A retrospective party wall agreement is a kind of party wall award that comes up when the party wall works are in progress, partially completed, or sometimes even fully finalized. The most common reason behind the retrospective agreement is to deal with the charges and claims of potential damage.
Often, we feel the need for a retrospective party wall agreement to get a clearer picture of the work under construction and how it will turn out to be? If this is the case, the deal encapsulates as-built drawings and images for enhanced interpretation.
It was not likely to have a retrospective party wall agreement. Under section 10, both neighbours must have a hired surveyor; otherwise, you will need two surveyors with both the owners’ knowledge to put the contract together.
Formulation of a Retrospective Party Wall Agreement
Like party wall agreement, designing a retrospective party wall agreement requires an agreed or two independent party wall surveyors under section 10 of the Party Wall Act 1996. The surveyors must have complete knowledge of the Act, construction business, and the properties they are dealing with.
Under the Act, an agreement is carried out once the construction works have either been fully finished or carried out.
The purpose of the agreement is to deal with any assertions and allegations made of damage. The party wall agreement will then clarify the building work being done and add terms like ‘as-built.
Moreover, following the Act, there is no reference to having a retrospective party wall notice or award. Any consequences such as harm being made on adjoining owner’s property will probably need to be settled in court unless your neighbours can not agree to one decision.

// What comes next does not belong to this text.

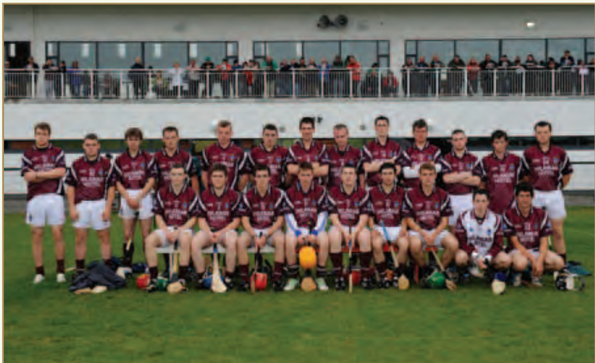
Westmeath - Leinster Under-21 'A' Hurling Champions 2011

Pro tip! A practical and straightforward solution is to draw a retrospective notice to deal with potential damage.
Need of having a Retrospective Party Wall Agreement
Occasionally, we feel the need for guidance on what should be done when construction is underway. The property owner (person carrying out the construction) has not served the Party Wall Notice, or the Party Wall Award has not been made.
Some of the reasons that define this to be an issue include;
The sale of the respective property
Keep up the neighbourly relations
Satisfy lender’s need where funding is mandatory
Resolve a dispute resulting for the works
Whereas in most cases, if you one way or another fail to follow the process, it has no negative outcome for either party; hence no action is required.
In case of wondering whether you need a party wall agreement, then it’s a yes! Because the Act prevents neighbours from any proposed work you and building owners carry out.
The preferable way to deal with the neighbour that has gone forward with their work without serving the notice is to prepare a retrospective party wall agreement. For that, you need a Professional Party Wall Surveyor under Section 10 of the Party Wall Act 1996 to produce a retrospective award.